The interest in physical activities escalated into a daily exercise routine, becoming curious about improving my performance beyond that of my ~17 year old self. Not wanting to acquire a bunch of heavy and expensive gear I'd have to store and move, I ended up doing just calisthenics and pushups became a major component of my morning ritual. For a year my wrists were the limiting factor in how many pushups I could do. I'd have sharp pains and aches well before any muscles were fatigued in that exercise. But I just kept doing them every day, with the reps slowly increasing as the months went by, adding multiple sets to morning and evening.
At some point, the wrist pain was no longer the limiting factor in my daily pushups and I was limited entirely by muscle fatigue and cardio instead. A nice side effect of this was that my wrists stopped hurting at the computer too.
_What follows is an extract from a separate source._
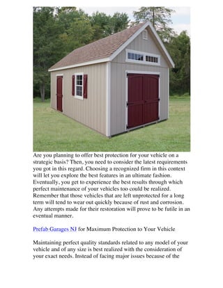 The document discusses the benefits of prefabricated garages from NJ suppliers to protect vehicles. Purchasing a prefab garage allows maximizing storage space, offering protection from weather, and maintaining the vehicle's quality over the long run. Customers can choose from customizable options and specialized features within their budget. Prefab garages are a worthy investment that have provided lasting quality and satisfaction to many existing customers.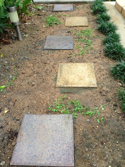 クラピアの存在を知らない時に砂利を除去して防草シートを敷いた場所。タマリュウとかも。

I'm over 40 now, still doing hundreds of pushups daily, and my wrists have never resumed hurting. It's been really nice! Still ~165lbs too. Pushups have become the core of my daily routine, it's like brushing my teeth at this point. This experience has led me to suspect most sedentary people could achieve a relatively fit existence by just controlling their diet and spending as little as a few minutes every day doing pushups before they shower.